Three Trends That Will Shape The App Industry In 2018
The last year has seen solid growth throughout the app industry, but 2018 is going to be more innovative and will force marketers, developers and businesses to think outside the box. We’re already being approached by disruptive startups that want to create the next big thing in their industry. Here are a few recurring themes and ideas we’ve seen going into 2018:
Smart Home, Voice-Controlled Speakers
Smart home, voice-controlled speakers are perhaps the most debated subjects in technology, but 2018 will mark their official boom. The popularity of Amazon Echo and Google Home have officially gone mainstream, gaining more market penetration than wearables. And fans are waiting with bated breath for Apple to release their HomePod smart speaker that was unveiled earlier this year.

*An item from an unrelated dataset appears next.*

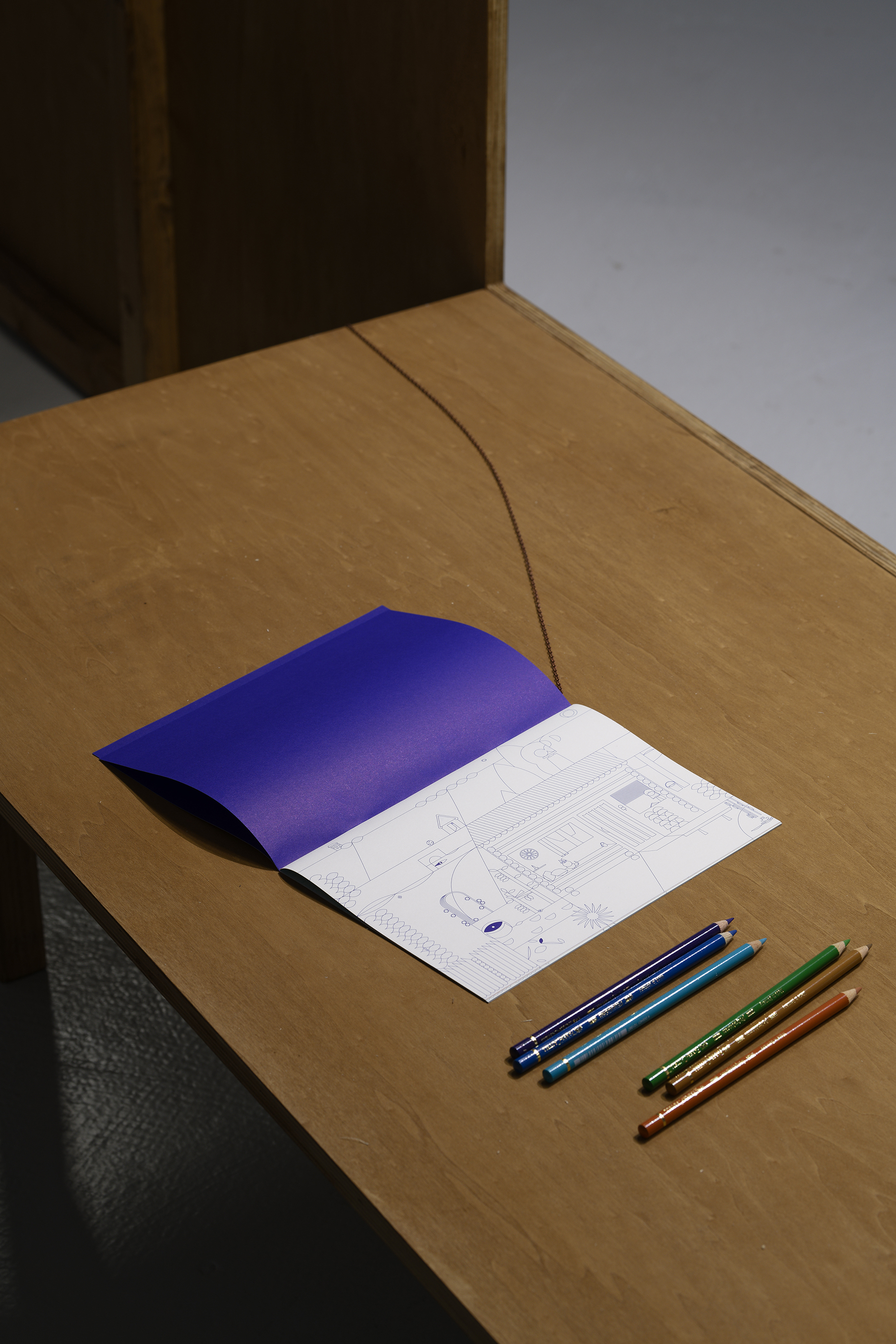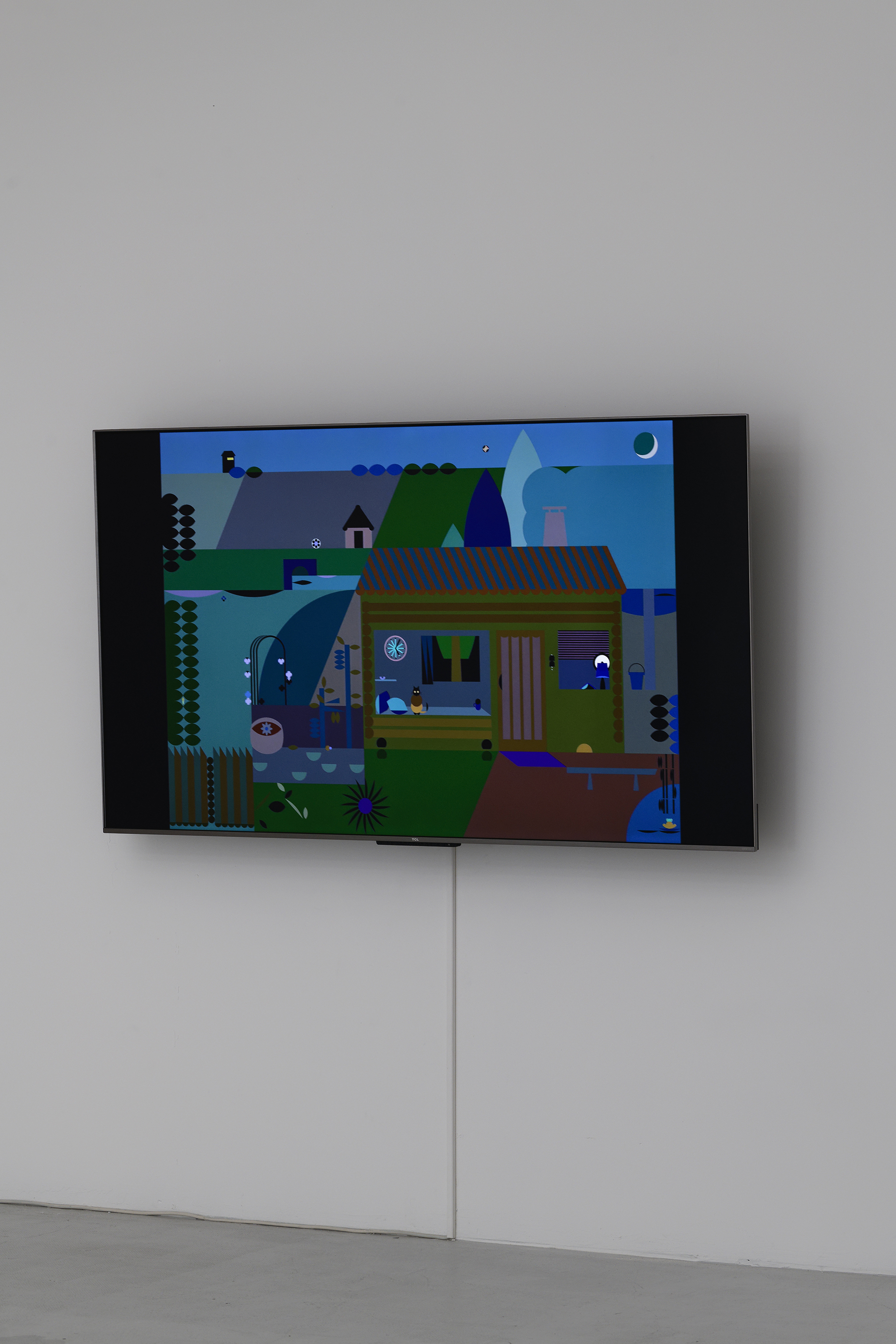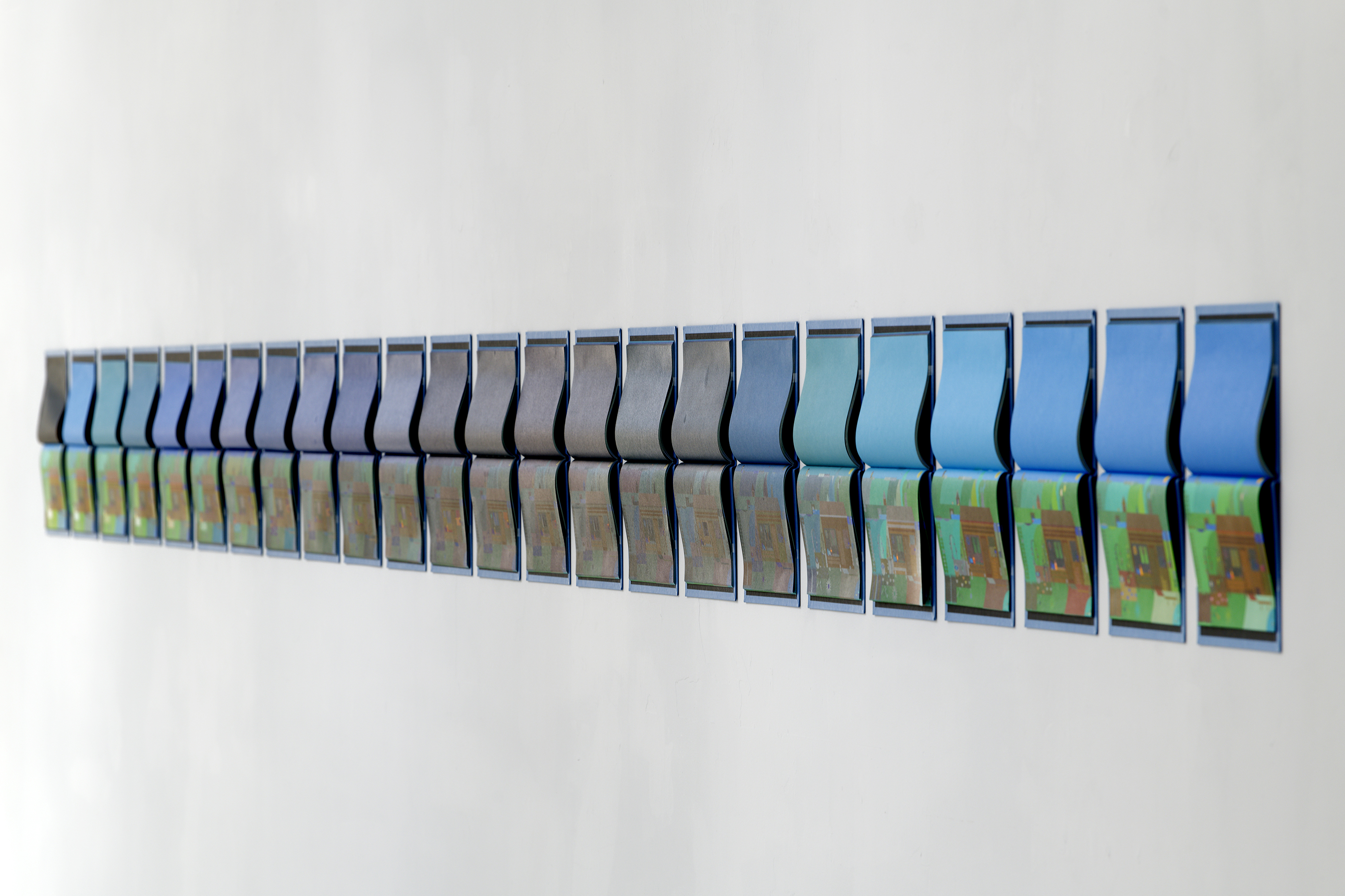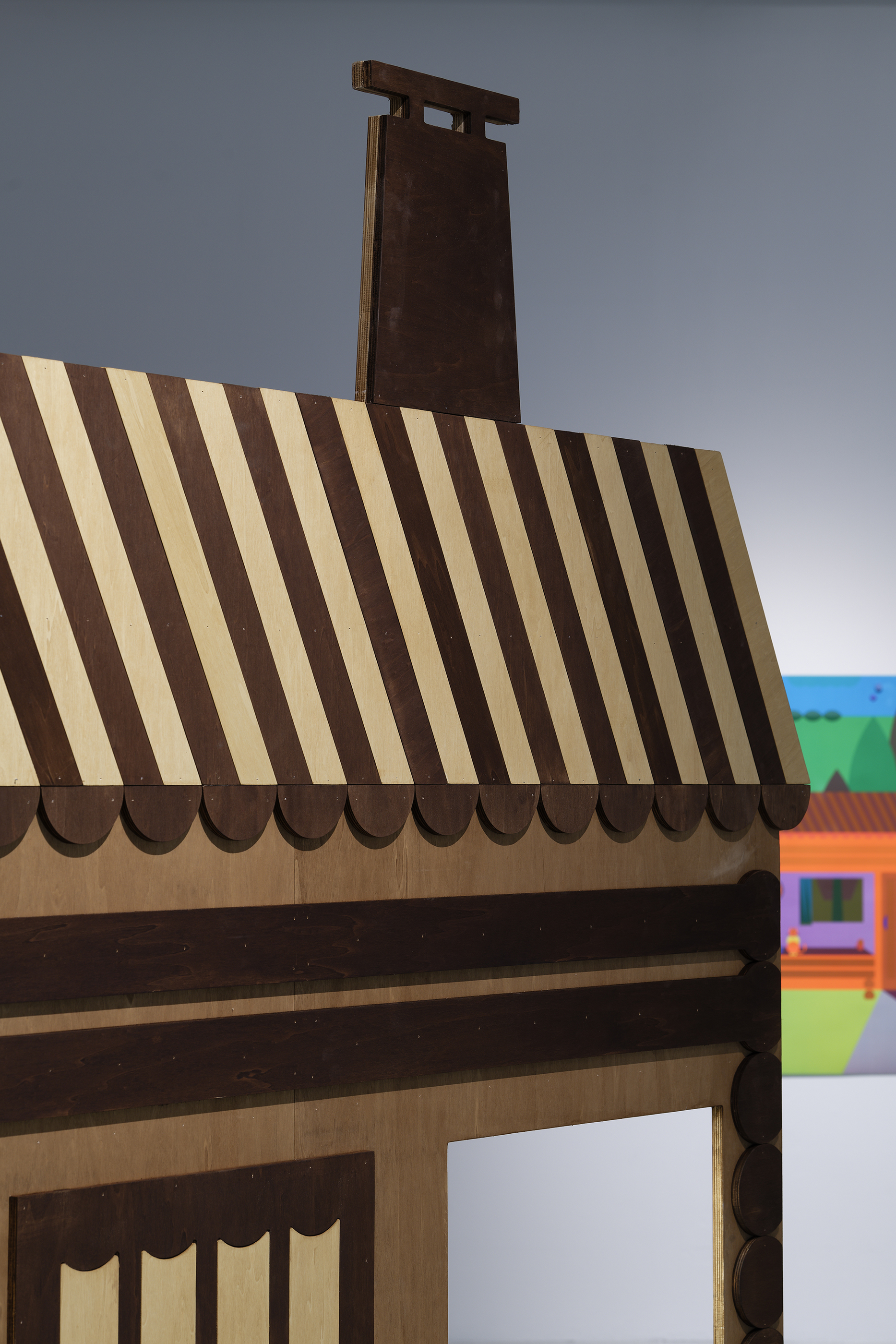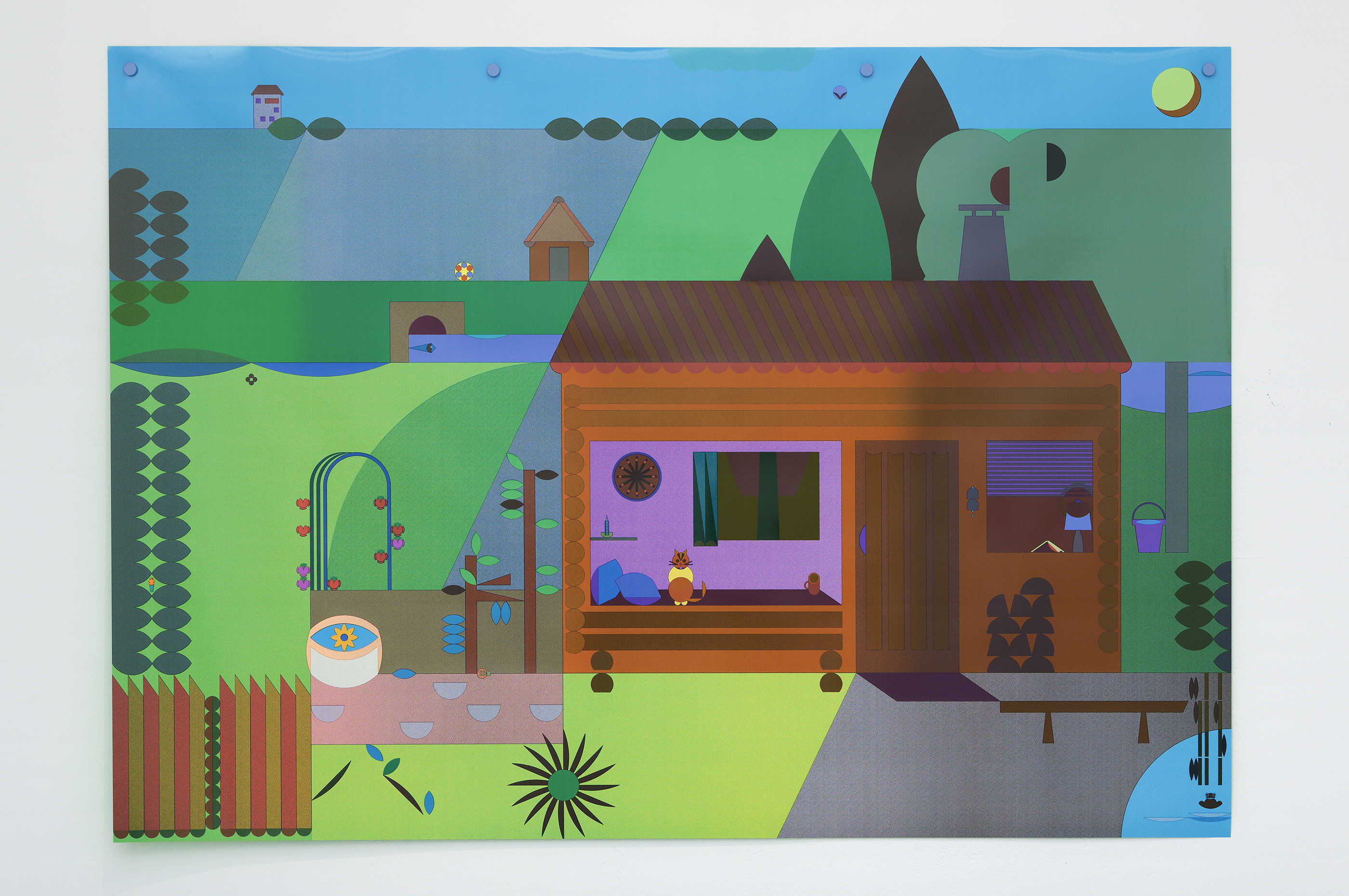 The exhibition at the Passerelle Centre for Contemporary Art, when the book and animated cartoon Panorama were presented, was an opportunity to adapt design to large-format screen printing. Here the magic of successive colour changes is conveyed, plunging the landscape into night and marking the passage of time. The little house, represented in the exhibition as a set, allows visitors to become part of the work, taking the colouring books published for the occasion so as to add their own touch of colour to the Panorama.

Gartner Inc. predicted that by 2018, the mobile industry would be bombarded with smart home apps, driven primarily by the more than 200 corporations currently developing the technology in earnest and hungry startups looking to be crowned early adopters. And it looks like we're just now seeing the sea change.
Enterprising retailers would do well to look at the partnership between Google and Walmart as a smart model. A voice-activated app could set any business with a fairly standardized product or service on the fast track when it comes to accessing the growing niche.
If your business can provide an answer to questions like "send me ..." "get me ..." or "order me ...," you might consider implementing a voice-activated element or service on your mobile app.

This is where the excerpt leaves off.